Working data
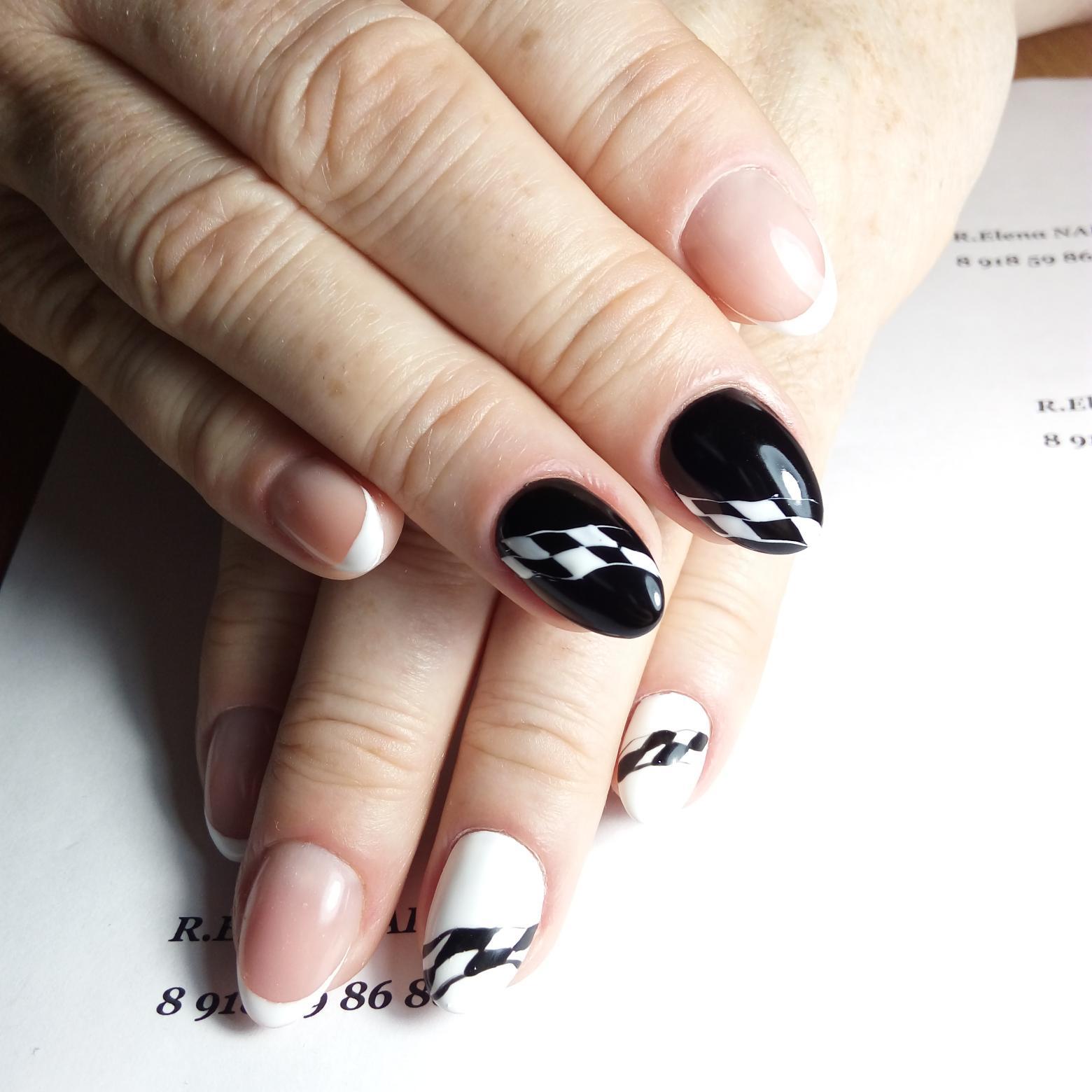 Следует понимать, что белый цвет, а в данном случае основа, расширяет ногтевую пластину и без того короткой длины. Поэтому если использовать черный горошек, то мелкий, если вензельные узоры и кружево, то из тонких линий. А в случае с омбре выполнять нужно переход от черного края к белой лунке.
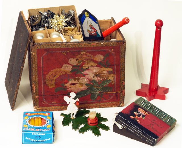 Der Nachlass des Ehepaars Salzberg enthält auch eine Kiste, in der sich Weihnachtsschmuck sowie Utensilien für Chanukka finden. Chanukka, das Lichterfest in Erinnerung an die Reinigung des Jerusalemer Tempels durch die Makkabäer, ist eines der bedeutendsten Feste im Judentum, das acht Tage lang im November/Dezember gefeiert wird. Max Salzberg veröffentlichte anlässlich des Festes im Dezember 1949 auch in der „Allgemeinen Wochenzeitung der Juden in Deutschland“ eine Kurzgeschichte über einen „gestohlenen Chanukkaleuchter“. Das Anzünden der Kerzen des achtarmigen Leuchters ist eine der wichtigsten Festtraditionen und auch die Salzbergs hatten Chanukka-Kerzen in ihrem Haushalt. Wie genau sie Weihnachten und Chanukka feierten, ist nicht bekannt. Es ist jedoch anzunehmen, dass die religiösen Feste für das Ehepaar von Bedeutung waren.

* * *

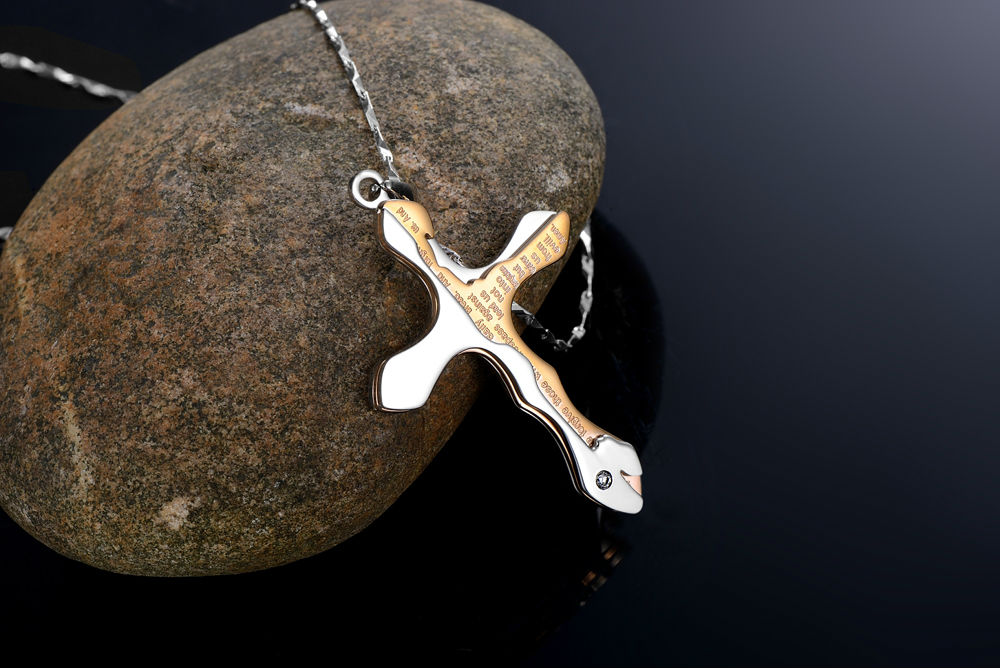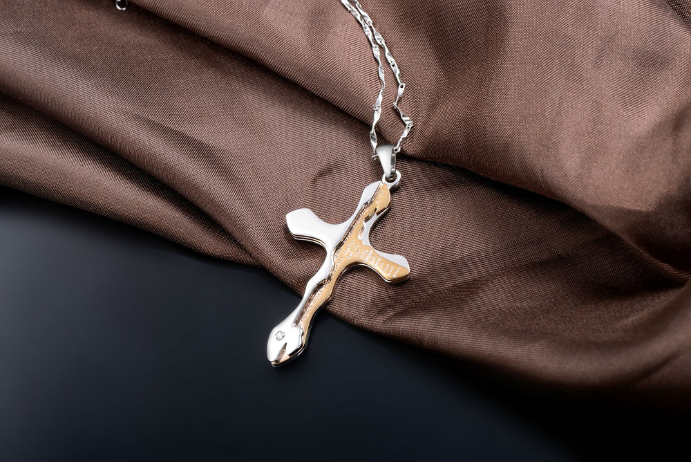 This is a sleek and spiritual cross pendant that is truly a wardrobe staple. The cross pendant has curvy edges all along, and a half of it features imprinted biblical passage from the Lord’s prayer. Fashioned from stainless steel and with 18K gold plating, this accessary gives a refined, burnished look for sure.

==

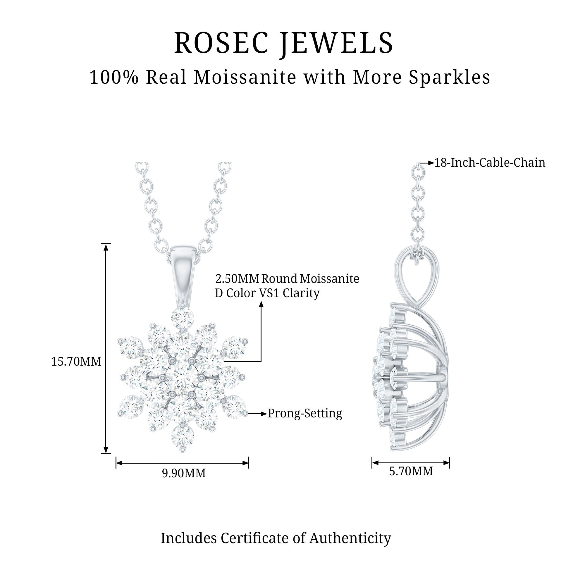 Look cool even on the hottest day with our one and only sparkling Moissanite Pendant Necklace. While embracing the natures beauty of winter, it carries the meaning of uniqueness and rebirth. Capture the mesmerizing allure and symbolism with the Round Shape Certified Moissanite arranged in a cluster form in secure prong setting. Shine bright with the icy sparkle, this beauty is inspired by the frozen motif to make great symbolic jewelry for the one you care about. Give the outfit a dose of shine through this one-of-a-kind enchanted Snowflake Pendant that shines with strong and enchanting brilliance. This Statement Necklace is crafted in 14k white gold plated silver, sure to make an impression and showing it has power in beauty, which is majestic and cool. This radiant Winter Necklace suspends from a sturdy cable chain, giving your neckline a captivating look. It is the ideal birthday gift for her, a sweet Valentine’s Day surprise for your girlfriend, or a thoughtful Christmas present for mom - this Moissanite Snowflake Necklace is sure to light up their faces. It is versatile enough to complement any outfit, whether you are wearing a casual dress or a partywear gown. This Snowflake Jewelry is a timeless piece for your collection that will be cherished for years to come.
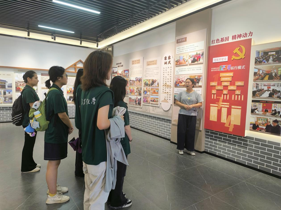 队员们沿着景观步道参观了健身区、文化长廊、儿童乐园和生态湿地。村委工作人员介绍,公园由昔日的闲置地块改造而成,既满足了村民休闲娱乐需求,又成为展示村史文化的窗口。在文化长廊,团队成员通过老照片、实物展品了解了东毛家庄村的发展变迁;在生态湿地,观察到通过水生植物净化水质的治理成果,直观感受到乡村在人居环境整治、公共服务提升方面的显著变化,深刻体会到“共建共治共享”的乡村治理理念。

Exercise details
With the pictures omitted, copy the entries above exactly from the line containing "Следует понимать, что" through the line containing "Der Nachlass des", both lines included.

Response to this task
 Следует понимать, что белый цвет, а в данном случае основа, расширяет ногтевую пластину и без того короткой длины. Поэтому если использовать черный горошек, то мелкий, если вензельные узоры и кружево, то из тонких линий. А в случае с омбре выполнять нужно переход от черного края к белой лунке.
 Der Nachlass des Ehepaars Salzberg enthält auch eine Kiste, in der sich Weihnachtsschmuck sowie Utensilien für Chanukka finden. Chanukka, das Lichterfest in Erinnerung an die Reinigung des Jerusalemer Tempels durch die Makkabäer, ist eines der bedeutendsten Feste im Judentum, das acht Tage lang im November/Dezember gefeiert wird. Max Salzberg veröffentlichte anlässlich des Festes im Dezember 1949 auch in der „Allgemeinen Wochenzeitung der Juden in Deutschland“ eine Kurzgeschichte über einen „gestohlenen Chanukkaleuchter“. Das Anzünden der Kerzen des achtarmigen Leuchters ist eine der wichtigsten Festtraditionen und auch die Salzbergs hatten Chanukka-Kerzen in ihrem Haushalt. Wie genau sie Weihnachten und Chanukka feierten, ist nicht bekannt. Es ist jedoch anzunehmen, dass die religiösen Feste für das Ehepaar von Bedeutung waren.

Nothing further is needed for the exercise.